Por ANTONIO CARLOS LACERDA
SÃO PAULO/BRASIL - Em Mogi das Cruzes, no Estado de São Paulo, Sudeste do Brasil, a dona-de-casa Sueli de Paula Viana, de 53 anos, divide a sua vida em duas etapas. Na primeira, até os 25 anos, ela foi uma ativa dona-de-casa, mãe de três filhos. Na segunda, ela é uma mulher doente, impedida de trabalhar e que sofre de dores crônicas nas costas e nas pernas e hemorragias.
A vida de Sueli foi transformada repentinamente por uma tesoura cirúrgica de 20 cm, esquecida entre o seu abdome e o baço pela equipe médica que fez a cesariana de seu terceiro filho, em 5 de maio de 1983.
Desde a cirurgia, Sueli passou a sentir fortes dores em todo o corpo e a ter um sangramento que a obrigava a trocar a roupa a cada 20 minutos. Em sua barriga havia uma ferida purulenta que não fechava e a impediu de ter uma vida normal.
Ela visitou mais de dez médicos do sistema público de saúde (SUS) da região, mas em nenhum teve um diagnóstico correto. "Os médicos detectaram como cólica menstrual", disse Sueli. Segundo ela, os médicos não pediam raio-x e não conseguiam explicar ou tratar suas incessantes dores.

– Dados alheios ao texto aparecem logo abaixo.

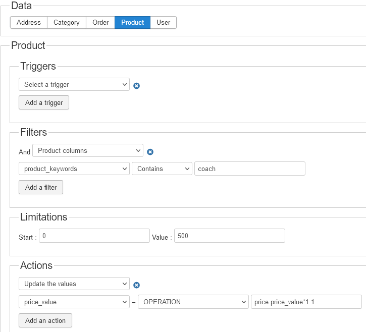 UPDATE #__hikashop_price AS price SET price.price_value = price.price_value*1.1 WHERE price.price_product_id IN (SELECT product_id FROM #__hikashop_product WHERE product_manufacturer_id = 75);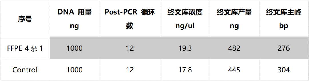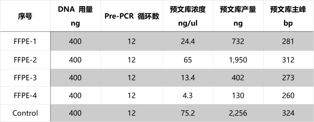 表2. 超声打断后用于构建预文库的DNA用量、捕获前预文库的扩增循环数、预文库浓度,产量与片段大小。

Vários profissionais receitaram antibióticos, que Sueli tomou diariamente durante cerca de 15 anos. Como nada adiantava, ela parou de insistir na rede pública de saúde e disse: "Perdi a fé nos médicos."

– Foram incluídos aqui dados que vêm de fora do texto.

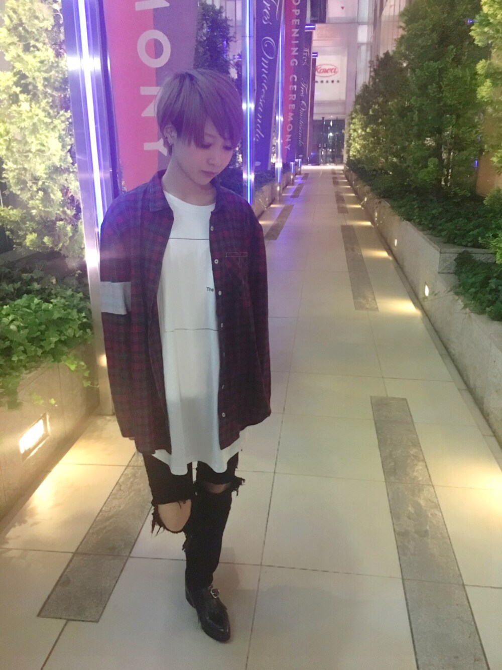 夜はまだ涼しいから1枚羽織るのに大活躍のチェックシャツ!ゆったり着れる形で袖のアクセントもお気に入りで一目惚れ! インナーはシャツより長めのTシャツでレイヤードを楽しんで✨ クラッシュスキニーと靴で引き締めて♡

Por causa de sua situação, Sueli não conseguiu mais trabalhar. "Sempre gostei de trabalhar, eu era independente. Mas não conseguia ficar em um emprego. Eu ficava dois dias em casa e o resto da semana internada por causa da hemorragia." Sueli não foi mais ao shopping, evitava sair de casa, e passou a ficar de cama a maior parte do tempo. "Esses 28 anos eu não vivi."

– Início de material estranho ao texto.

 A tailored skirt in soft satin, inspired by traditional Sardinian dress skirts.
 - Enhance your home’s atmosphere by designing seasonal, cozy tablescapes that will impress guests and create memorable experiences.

Em 8 de março de 2008, ao ser repetidamente barrada em um banco, o detector de metal da segurança constatou algum objeto metálico dentro de Sueli, na altura do abdome. Um advogado do bairro, Carlos Lucarefski, levou Sueli fazer um raio-x e, constatada a presença do instrumento cirúrgico, foi à delegacia para registrar a ocorrência contra a Casa de Saúde e Maternidade Santana, onde o parto fora feito em 1983.
Lucarefski entrou na Justiça com um pedido de indenização de 500 salários mínimos, além de 28 anos de salários mensais que Sueli deixou de receber por não poder mais trabalhar.
Ainda em 2008, a Justiça pediu que Sueli fizesse uma perícia no Instituto de Medicina Social e de Criminologia de São Paulo (Imesc), o que foi feito naquele mesmo ano. Mas até hoje o laudo não chegou ao juízo da 1ª Vara Cível de Mogi das Cruzes. "O Imesc alegou que precisaria de todos os prontuários do hospital para fazer o laudo, mas eles nunca entregaram", disse Lucarefski.
No começo do mês de junho, segundo Lucarefski, uma reportagem da TV Record levou Sueli e o advogado à diretoria do Imesc. "Quando nós chegamos lá, aí a diretora disse que os prontuários tinham aparecido", afirmou o advogado, cético.
Segundo o advogado, o Imesc comprometeu-se a enviar o laudo médico de Sueli ao Fórum de Mogi em um mês. Eu não acredito muito, mas, até lá, estamos esperando", disse.
Sueli também se demonstrou desacreditada. "Eu nunca vi um laudo demorar três anos para chegar! Tem uma arma dentro de mim, vou ter que esperar mais quanto tempo? Tem muita burocracia, muita manipulação."
Durante a tramitação do processo, Sueli chegou a consultar um médico particular que se solidarizou com sua causa e não cobrou pelo atendimento. Porém, ele não poupou a paciente. "Ele me disse que a tesoura já se colou no corpo, que vai ter que fazer muitos exames, que pra tirar vai ser uma operação muito complicada", disse.
Sueli tem poucos dentes na boca, consequência, segundo ela, do uso de antibióticos por cerca de 15 anos. Nessas condições, Sueli se surpreende que ainda esteja viva. "Não tenho medo de morrer. Mas na hora que Deus quiser, não quero ser morta por erro médico."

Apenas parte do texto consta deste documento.